Shenyin & Wanguo Futures’ research report also pointed out that in the short term, the tariff ruling and geopolitical conflicts are forming a resonant driver for precious metals. In the medium to long term, factors such as de-dollarization and geopolitical risks will support gold’s return to an upward trajectory. Influenced by the resonance of its industrial and financial attributes, silver is expected to maintain a strong, albeit volatile, trend in the short term.

Recently, UBS reiterated its positive outlook on gold, expecting the international spot gold target price to reach $6,200 per ounce in the coming months. The institution noted that geopolitical risks and the decline in real interest rates brought about by the Fed’s easing cycle will continue to support gold prices.
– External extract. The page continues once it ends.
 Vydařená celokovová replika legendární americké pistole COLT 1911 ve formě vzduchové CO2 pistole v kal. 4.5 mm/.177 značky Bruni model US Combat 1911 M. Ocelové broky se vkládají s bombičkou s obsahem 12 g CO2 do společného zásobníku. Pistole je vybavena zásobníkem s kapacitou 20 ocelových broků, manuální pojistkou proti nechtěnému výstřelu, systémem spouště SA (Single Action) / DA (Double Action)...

Global gold demand in 2025 had already exceeded 5,000 tons, and with growing investment demand and continued central bank purchases, gold prices are poised to rise further.
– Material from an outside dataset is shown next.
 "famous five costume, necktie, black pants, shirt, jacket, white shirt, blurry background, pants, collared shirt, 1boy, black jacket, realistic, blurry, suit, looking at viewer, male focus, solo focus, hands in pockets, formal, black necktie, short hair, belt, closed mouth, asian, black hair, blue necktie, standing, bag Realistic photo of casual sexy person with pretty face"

“Regarding investment strategy, Xia Yingying suggests that ordinary investors should generally follow the principle of ‘buying on dips, holding for the medium to long term, and avoiding chasing highs.’ In terms of operation, given the increased volatility at high levels, investors must strictly control their positions, adopting methods like phased position building and laddered buying to reduce timing risks. In terms of product selection, gold is suitable for stable allocation, while silver, due to its greater elasticity, is suitable for investors with stronger risk tolerance to trade market swings.”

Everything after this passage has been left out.